We’re often told to loosen up and say "cheese” as we crack our widest smile for the camera. However, taking a photo wasn’t always about flashing our best smile, according to researchers at UC Berkeley, who sifted through yearbook photos to determine how the photographic smile has evolved over the last century.

"Yearbooks are a cool set of data as they give us kind of a 'peephole' into the past where everything — pose, the reason for taking the picture, the age of the subjects, etc. — remains constant, except for the passing time," Shiry Ginosar, lead author of the study and a PhD student at UC Berkeley, told FairFox Media.

Ginosar and her team looked at about 38,000 portraits taken between 1905 and 2013 for over 800 yearbooks from high schools in 26 states. The photos were sorted by gender, and then each decade's images were combined to create an "average" male and female face, which revealed features for the time period, such as hair, clothing, and facial expressions.

One thing that stood out in particular were people's smiles. The researchers were able to quantify the intensity of smiles by measuring lip curvature. The “smile intensity metric” found smiling has consistently increased over time. Men began the century with a -0.5-degree lip curvature, otherwise known as a slight frown, and by 2005 they had moved up to a 9.5-degree curvature. Women, meanwhile, started the century with a 1.20-degree curvature, and have since reached a 13.50-degree curvature.

The shift in lip curvature is attributed to people’s photo posing habits throughout the years. In the late 19th century, people adopted the same habits as people posing for painted portraits. A serious expression was easier to maintain for the duration of time it took to complete the painting. “Also, etiquette and beauty standards dictated that the mouth be kept small — resulting in an instruction to 'say prunes' when a photograph was being taken,” wrote the researchers in the report.

Yearbook photo
Average images of high school students for each decade of the 20th century. UC Berkeley

So, when it comes to gender, have women always smiled more than men?

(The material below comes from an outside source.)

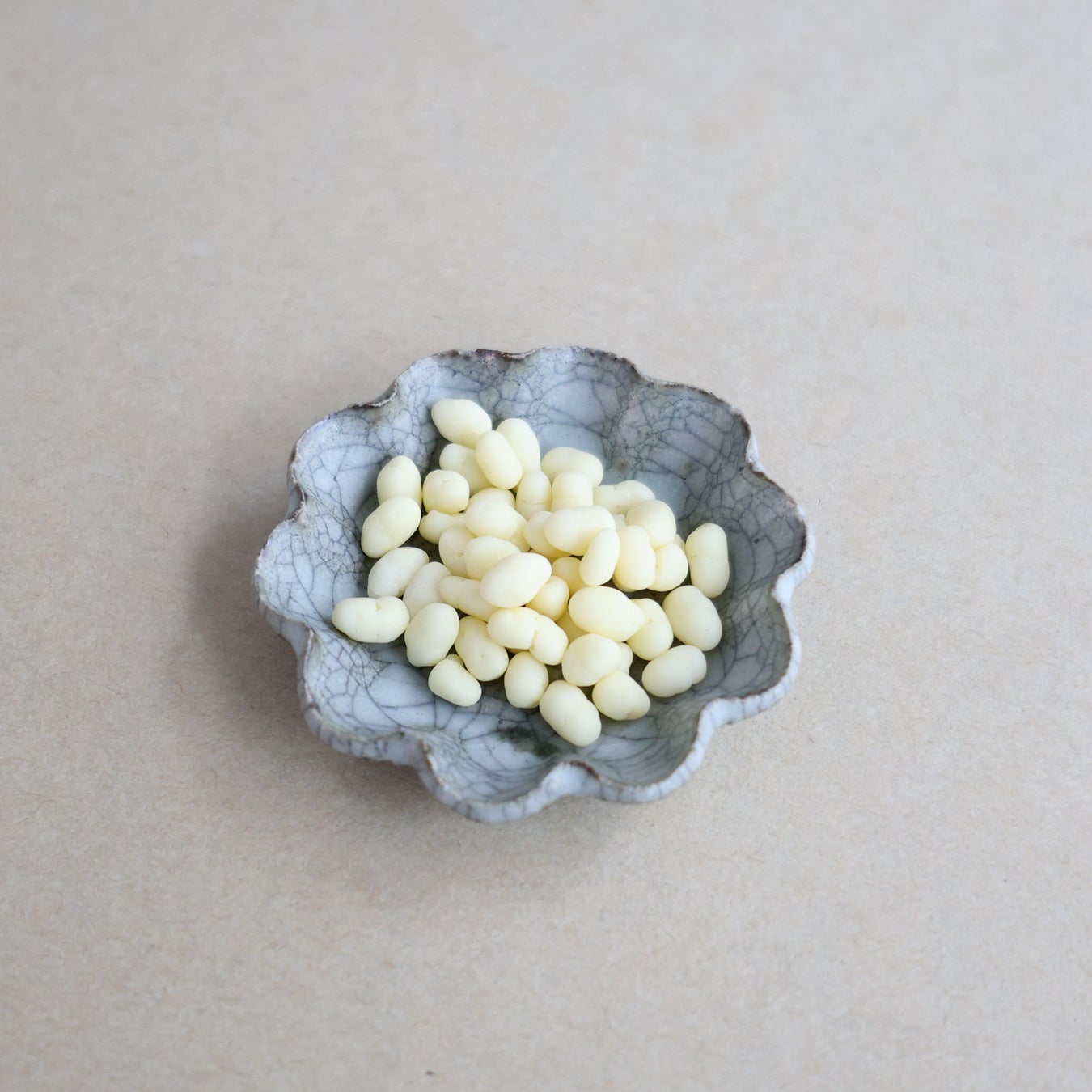 国産うるち米使用。1粒ずつがちゃんとお米に見えるように、少量ずつをホワイトチョコレートでコーティングながらライスパフをおつくりしました。

A similar 2003 study found women do smile more than men, depending on the circumstance. The largest differences in smiling occurred when men and women thought they were being observed, while smiles were more similar when no one was looking. The researchers suggest when people know their behavior is being monitored, they will adhere to behavior that reflects their gender norms. This offers a possible explanation for why men smile differently than women in high school yearbook photos.

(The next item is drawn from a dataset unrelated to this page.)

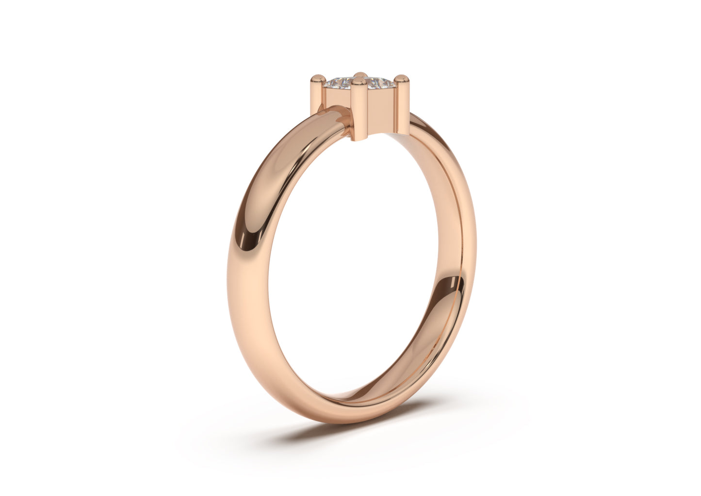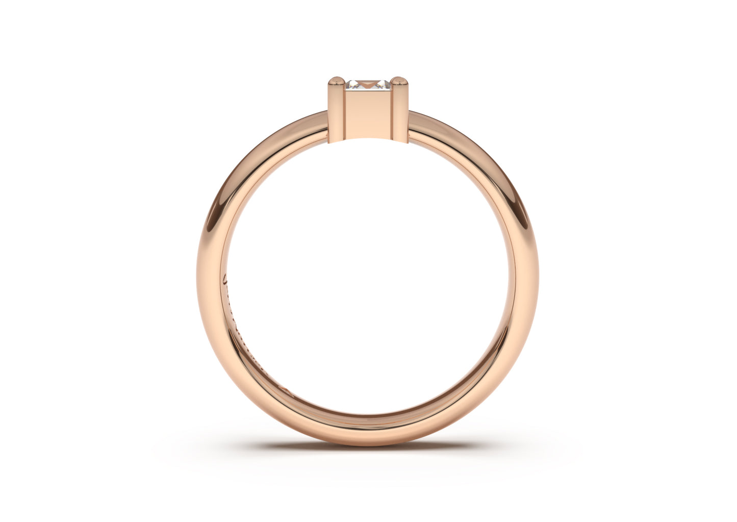 Elegant traditional styling, fashioned in red gold, this ring features a four prong setting that showcases the brilliance of the princess cut diamond.

Aside from smiles, the researchers were able to show the "quintessential styles of each decade," like the types of hairstyles and glasses students wore. Hairstyle trends included finger waves in the 30s, bouffants and afros in the 70s, and long, straight hair in the 2000s. The research team hopes to use the dataset to study things like "the cycle-length of fashion fads."

The researchers cautioned, however, that their study had one limitation in its data set. The number of Americans graduating from high school increased by more than 40 percent between 1900 and 1960, and the African American population was not represented until the mid-20th century. On the other hand, the study did prove photos can be mined for data without the manual effort of the past. Now, that’s something worth smiling about.

Sources: Ginosar S, Rakelly K, Sachs S et al. A Century of Portraits: A Visual Historical Record of American High School Yearbooks. Extreme Imaging Workshop, International Conference on Computer Vision, ICCV 2015.

LaFrance M, Hecht MA, Paluck EL. The contingent smile: a meta-analysis of sex differences in smiling. Psychological Bulletin. 2003.